Deletion and Insertion
The design of the T7.1 genome allows for the simple deletions of parts. Generally, we isolate the section containing the part by digesting with the bracketing restriction enzyme. We ligate the fragments to reform the section minus the deleted part, and then join the section to the rest of the genome. Insertion of a new part can be more involved. Most simply, if there is a pre-existing restriction site due to a deletion operation, then we can insert a new part in its place. If no such site exists, another method involves using two restriction enzymes, NgoMIV and BspEI, that are 0-cutters across both the wild-type T7 and all refactored sections. NgoMIV and BspEI have different recognition sequences but produce the same overhang upon digestion. This allows for ligation of a product into these sites, while simultaneously preventing the restriction sites from being reformed. Thus, we can replace a part adjacent to the desired insertion site with the same part that has an NgoMIV site appended to it. Then, we amplify the part to be inserted with bracketing BspEI sites and insert the part into the NgoMIV site. Since neither restriction site is reformed upon insertion, this method is idempotent.

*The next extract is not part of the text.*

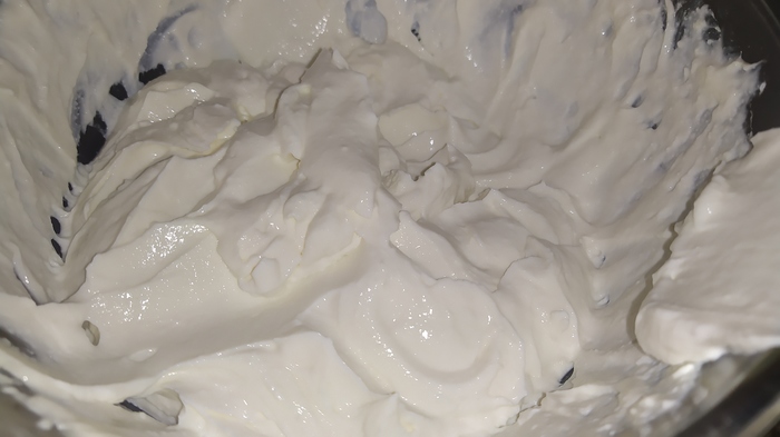 Пока блины остывают, займемся начинкой. Начинки будет два вида. Первая, сливки взбитые с сахарной пудрой. Взбиваем до хорошей плотности.

Since we did not know how a phage made of separated parts would function (e.g., would it form plaques?), we thought that it would be prudent to be able to easily revert to the wild-type T7 sequence for purposes of comparison and debugging. Thus, we used silent mutations to add additional 1-cutter restriction sites to section alpha. These new restriction sites, labeled U1-4, are useful if we desired to replace refactored regions with wild-type sequence. In sections beta through zêta, such extra sites were superfluous because we used 0-cutters to bracket parts; 0-cutters can also be used to revert refactored regions to wild-type sequence.
We used scaffolds to build sections alpha and beta. A scaffold is essentially the sequence that remains when all parts are removed from the section. As such, the scaffold contains all the restriction sites required to assemble the parts to form the section. In addition, if a fully refactored phage was not viable, we could use the scaffold to incrementally revert the sequence back to wild type in an attempt to restore function.